The American War in Vietnam
The decolonization struggle between the Vietnamese and the French colonial government took on a Cold War framing. Once the French failed in Vietnam, the U.S. supported South Vietnam. The U.S. slowly escalated involvement until the Gulf of Tonkin incident in 1964, which led to the United States committing full combat troops to South Vietnam. The U.S. military failed to ever realize its nation building and counterinsurgent mission in South Vietnam. The military overused its firepower, failed to pacify the countryside, and failed to understand the culture. Under General William Westmoreland and General Creighton Abrams, the military emphasized the statistical measurement of body counts and other arbitrary statistics.[7] It was a war that held an elusive enemy that fought in unconventional ways, sometimes as conventional units from the North and sometimes as communist insurgents from the South. After many years of failing to pacify South Vietnam, the U.S. pulled out its combat forces in 1973, and in 1975 the Saigon Government fell.
The American war in Vietnam has had resounding implications on the wars that followed; however, the U.S. Army failed to learn lessons from Vietnam. As seen above, the U.S. Army failed to fully institutionalize lessons learned because it is always in a rush to move on. The Army did not believe it could learn much from a war it lost and predicted that it still needed to only face the Russian Army in large-scale combat. The Army failed to come to terms with its shortcomings, instead pretending that Vietnam was a one-off. The idea of the Vietnam Syndrome shows that the Army thought of the war only as its loss and not as a way to develop better counterinsurgency doctrine.

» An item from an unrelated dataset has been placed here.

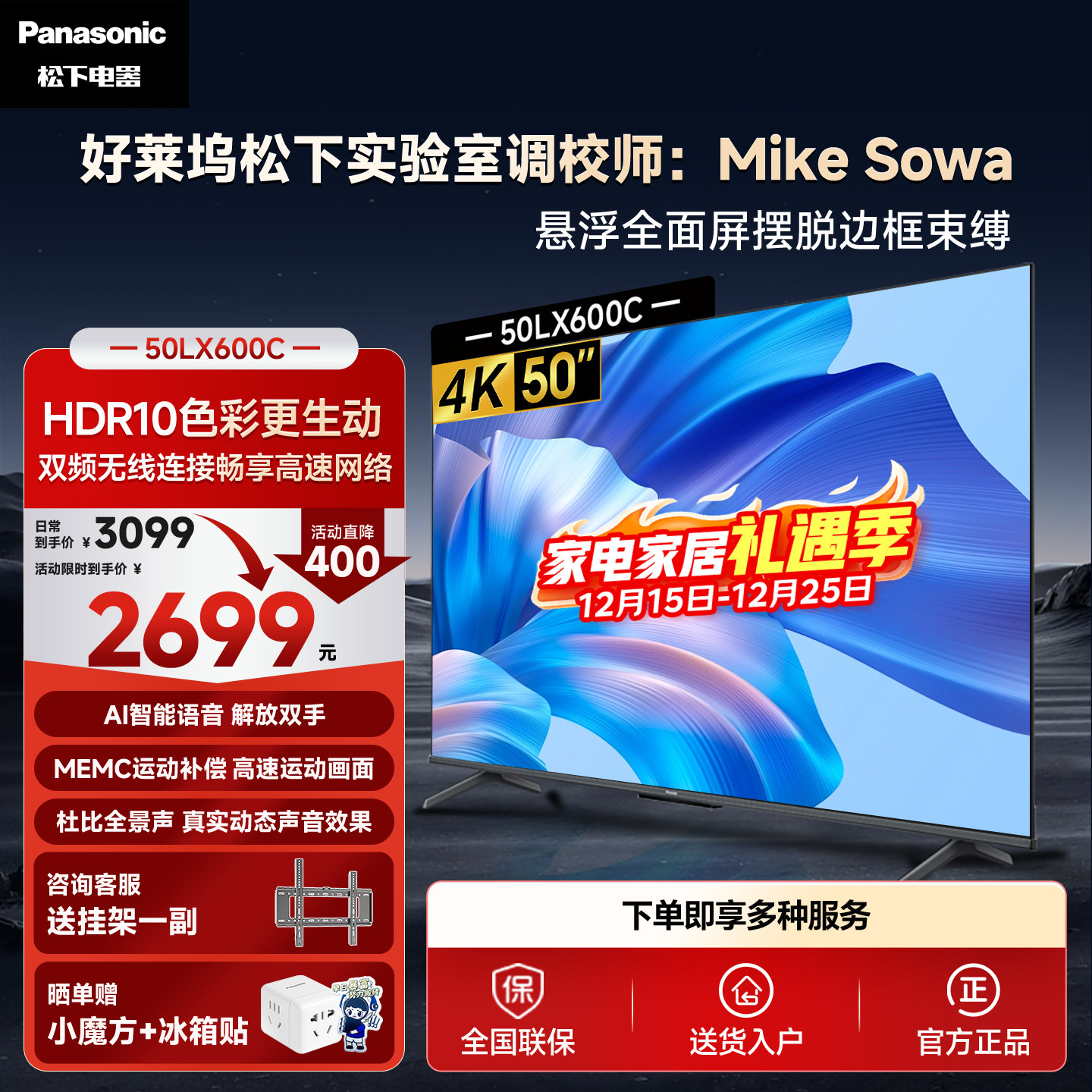 【松下电视旗舰店】LX600C 50英寸4K高清全面屏液晶电视机

The End of the Cold War, Desert Storm, and GWOT
In the aftermath of Vietnam, the Army was disgraced by its loss in Vietnam, failed further during the botched Desert One rescue attempt, and fell into a malaise. However, under President Ronald Reagan, the military worked towards ending the malaise of failure. As it participated in small operations, such as Operation Just Cause, it began to feel its might again. Two major events occurred that imparted the Army with victory disease so rancid that it contributed to the failure of the occupations of Iraq and Afghanistan.

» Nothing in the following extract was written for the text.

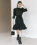 セットアップのスカートと合わせて着ればお呼ばれにもピッタリの華やかコーデに。

The first major event was the success of the U.S. mission during Operation Desert Storm from August 1990 to February 1991. In repelling, routing, and utterly demoralizing the Iraqi Army, the U.S. Army felt it had finally kicked the Vietnam War syndrome. Unfortunately, America was drunk on its military victory and forgot the loss of Vietnam. The second event was the dissolution of the USSR and the end of the Cold War in 1991. America, so it seemed, was now the invincible superpower. Intoxicated by these two victories, the 21st century crashed into America.

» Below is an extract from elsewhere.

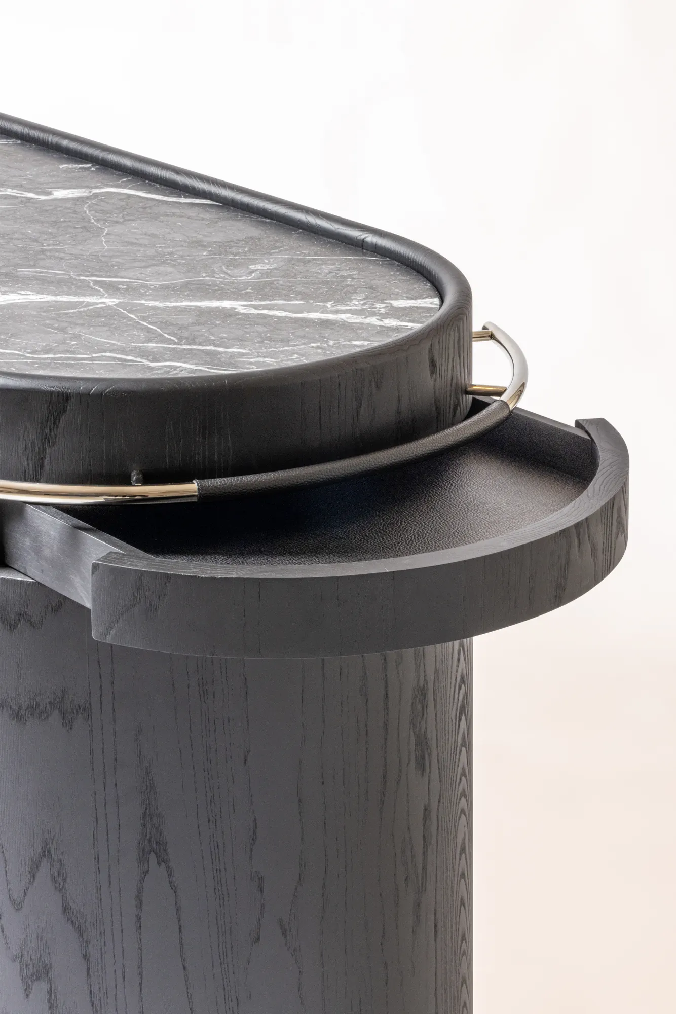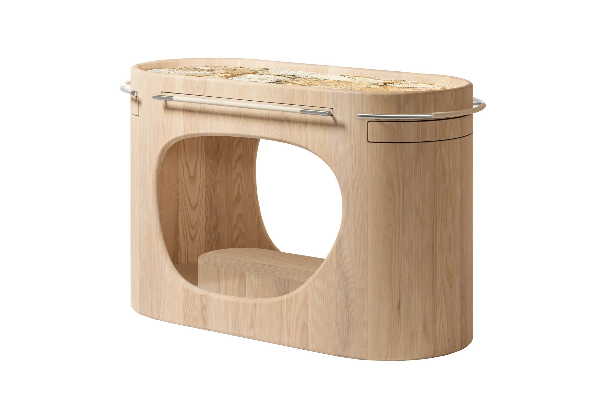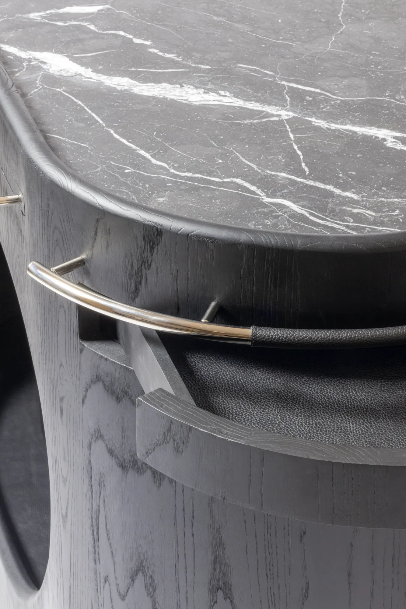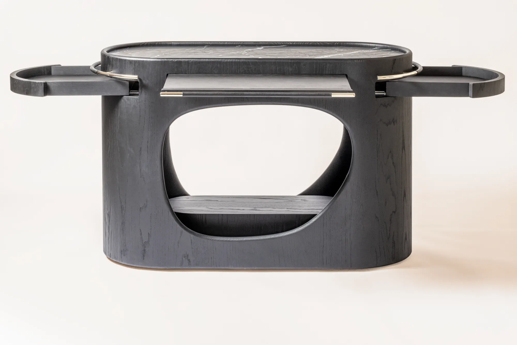 Solid wood structure available either in natural or wenge finish. It features polished chrome handles, a marble top and a leather-covered lower level with a centered wooden platform. Two side drawers can host additional accessories and a pull-out shelf grants additional space for operations.

This jubilation did not last long; on 11 Sept 2001, terrorists attacked the World Trade Center and the Pentagon. Beginning in October of 2001, the Global War on Terror commenced with the invasion of Afghanistan.[8] The war in Afghanistan was eerily similar to that of Vietnam. Yet, the U.S. had not learned its lessons fully and was unprepared for the pacifying mission in Afghanistan following the fall of the Taliban. The United States also failed to follow the warning of Clausewitz against opening a second front, and started a second war in Iraq in 2003. The ensuing occupation of Iraq led to the creation of ISIS and other terrorist organizations, and in Afghanistan, the government made no headway into the rural areas. In the fallout of the disastrous withdrawal from Afghanistan, it looks like the Army is preparing to continue the mistake of failing to learn.